**INPUT RECORDS:**
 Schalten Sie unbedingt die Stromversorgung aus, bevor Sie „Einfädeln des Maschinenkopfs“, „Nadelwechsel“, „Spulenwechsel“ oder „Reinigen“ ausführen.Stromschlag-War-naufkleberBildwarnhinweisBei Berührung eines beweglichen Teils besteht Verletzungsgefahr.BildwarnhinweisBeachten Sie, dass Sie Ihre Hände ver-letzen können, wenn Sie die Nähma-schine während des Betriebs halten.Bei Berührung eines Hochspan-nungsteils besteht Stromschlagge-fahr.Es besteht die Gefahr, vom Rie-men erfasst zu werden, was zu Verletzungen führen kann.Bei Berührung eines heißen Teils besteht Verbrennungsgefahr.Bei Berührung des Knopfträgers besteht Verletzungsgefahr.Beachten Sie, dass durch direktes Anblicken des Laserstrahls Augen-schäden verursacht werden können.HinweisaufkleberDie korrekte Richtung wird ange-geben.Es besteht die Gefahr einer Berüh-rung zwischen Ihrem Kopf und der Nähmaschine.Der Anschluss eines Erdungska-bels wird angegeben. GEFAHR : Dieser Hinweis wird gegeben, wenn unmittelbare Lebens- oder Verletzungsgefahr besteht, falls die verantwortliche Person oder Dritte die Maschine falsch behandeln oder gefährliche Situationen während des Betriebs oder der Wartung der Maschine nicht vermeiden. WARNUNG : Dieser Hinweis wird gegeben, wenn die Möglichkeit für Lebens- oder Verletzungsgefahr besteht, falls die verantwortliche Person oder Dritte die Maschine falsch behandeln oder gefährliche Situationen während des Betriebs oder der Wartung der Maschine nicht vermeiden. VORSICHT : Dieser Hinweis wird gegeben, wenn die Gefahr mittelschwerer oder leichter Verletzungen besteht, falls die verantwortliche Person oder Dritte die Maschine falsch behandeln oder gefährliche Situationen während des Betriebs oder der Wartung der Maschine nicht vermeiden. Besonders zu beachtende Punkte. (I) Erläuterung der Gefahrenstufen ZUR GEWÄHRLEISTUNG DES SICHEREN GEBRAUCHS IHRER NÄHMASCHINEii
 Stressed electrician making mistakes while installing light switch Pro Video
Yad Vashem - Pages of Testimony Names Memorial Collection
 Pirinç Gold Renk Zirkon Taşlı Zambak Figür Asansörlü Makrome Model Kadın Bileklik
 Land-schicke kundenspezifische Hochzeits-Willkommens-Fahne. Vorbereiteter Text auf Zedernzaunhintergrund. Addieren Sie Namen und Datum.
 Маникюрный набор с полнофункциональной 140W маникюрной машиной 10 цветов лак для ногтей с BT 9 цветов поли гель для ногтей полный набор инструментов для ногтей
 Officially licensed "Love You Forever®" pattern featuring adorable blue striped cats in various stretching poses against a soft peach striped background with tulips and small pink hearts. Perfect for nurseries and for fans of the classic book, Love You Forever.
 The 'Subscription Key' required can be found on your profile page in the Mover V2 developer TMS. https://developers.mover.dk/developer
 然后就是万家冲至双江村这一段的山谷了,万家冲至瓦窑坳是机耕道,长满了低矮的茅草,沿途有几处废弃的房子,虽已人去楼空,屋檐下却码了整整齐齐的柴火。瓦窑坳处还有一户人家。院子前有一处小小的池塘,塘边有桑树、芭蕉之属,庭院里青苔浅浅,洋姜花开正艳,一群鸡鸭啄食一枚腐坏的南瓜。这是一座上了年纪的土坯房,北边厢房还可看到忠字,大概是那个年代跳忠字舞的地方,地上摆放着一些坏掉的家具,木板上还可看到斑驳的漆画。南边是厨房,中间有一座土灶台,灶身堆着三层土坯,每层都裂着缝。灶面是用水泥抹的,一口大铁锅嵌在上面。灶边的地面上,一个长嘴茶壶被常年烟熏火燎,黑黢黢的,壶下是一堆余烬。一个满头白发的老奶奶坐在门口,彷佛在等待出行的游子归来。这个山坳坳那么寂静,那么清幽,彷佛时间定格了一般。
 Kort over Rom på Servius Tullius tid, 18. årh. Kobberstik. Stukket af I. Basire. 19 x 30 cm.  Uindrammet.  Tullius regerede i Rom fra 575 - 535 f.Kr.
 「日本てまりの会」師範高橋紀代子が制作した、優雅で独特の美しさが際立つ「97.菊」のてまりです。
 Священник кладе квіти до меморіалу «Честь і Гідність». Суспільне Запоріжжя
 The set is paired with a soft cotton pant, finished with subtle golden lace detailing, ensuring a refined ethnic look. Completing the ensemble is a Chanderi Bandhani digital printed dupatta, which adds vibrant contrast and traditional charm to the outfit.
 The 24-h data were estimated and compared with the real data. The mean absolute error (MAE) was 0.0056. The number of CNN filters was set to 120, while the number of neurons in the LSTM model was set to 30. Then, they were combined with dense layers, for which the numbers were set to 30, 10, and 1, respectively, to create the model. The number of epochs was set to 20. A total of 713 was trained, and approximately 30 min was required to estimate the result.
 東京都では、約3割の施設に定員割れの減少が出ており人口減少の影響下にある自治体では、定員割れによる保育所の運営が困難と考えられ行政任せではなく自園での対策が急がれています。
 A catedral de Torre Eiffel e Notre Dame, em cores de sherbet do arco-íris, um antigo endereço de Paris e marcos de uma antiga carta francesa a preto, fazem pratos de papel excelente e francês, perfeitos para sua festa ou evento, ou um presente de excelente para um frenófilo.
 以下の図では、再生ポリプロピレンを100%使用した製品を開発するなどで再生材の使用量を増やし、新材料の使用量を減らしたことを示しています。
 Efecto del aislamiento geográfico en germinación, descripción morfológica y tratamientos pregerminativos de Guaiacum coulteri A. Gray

**WHAT THIS TASK INVOLVES:** Copy out each line of the data above, exactly, if it lies between the line holding "The 'Subscription Key'" and the line holding "Священник кладе квіти", inclusive; copy no other line.

**ANSWER AREA:**
 The 'Subscription Key' required can be found on your profile page in the Mover V2 developer TMS. https://developers.mover.dk/developer
 然后就是万家冲至双江村这一段的山谷了,万家冲至瓦窑坳是机耕道,长满了低矮的茅草,沿途有几处废弃的房子,虽已人去楼空,屋檐下却码了整整齐齐的柴火。瓦窑坳处还有一户人家。院子前有一处小小的池塘,塘边有桑树、芭蕉之属,庭院里青苔浅浅,洋姜花开正艳,一群鸡鸭啄食一枚腐坏的南瓜。这是一座上了年纪的土坯房,北边厢房还可看到忠字,大概是那个年代跳忠字舞的地方,地上摆放着一些坏掉的家具,木板上还可看到斑驳的漆画。南边是厨房,中间有一座土灶台,灶身堆着三层土坯,每层都裂着缝。灶面是用水泥抹的,一口大铁锅嵌在上面。灶边的地面上,一个长嘴茶壶被常年烟熏火燎,黑黢黢的,壶下是一堆余烬。一个满头白发的老奶奶坐在门口,彷佛在等待出行的游子归来。这个山坳坳那么寂静,那么清幽,彷佛时间定格了一般。
 Kort over Rom på Servius Tullius tid, 18. årh. Kobberstik. Stukket af I. Basire. 19 x 30 cm.  Uindrammet.  Tullius regerede i Rom fra 575 - 535 f.Kr.
 「日本てまりの会」師範高橋紀代子が制作した、優雅で独特の美しさが際立つ「97.菊」のてまりです。
 Священник кладе квіти до меморіалу «Честь і Гідність». Суспільне Запоріжжя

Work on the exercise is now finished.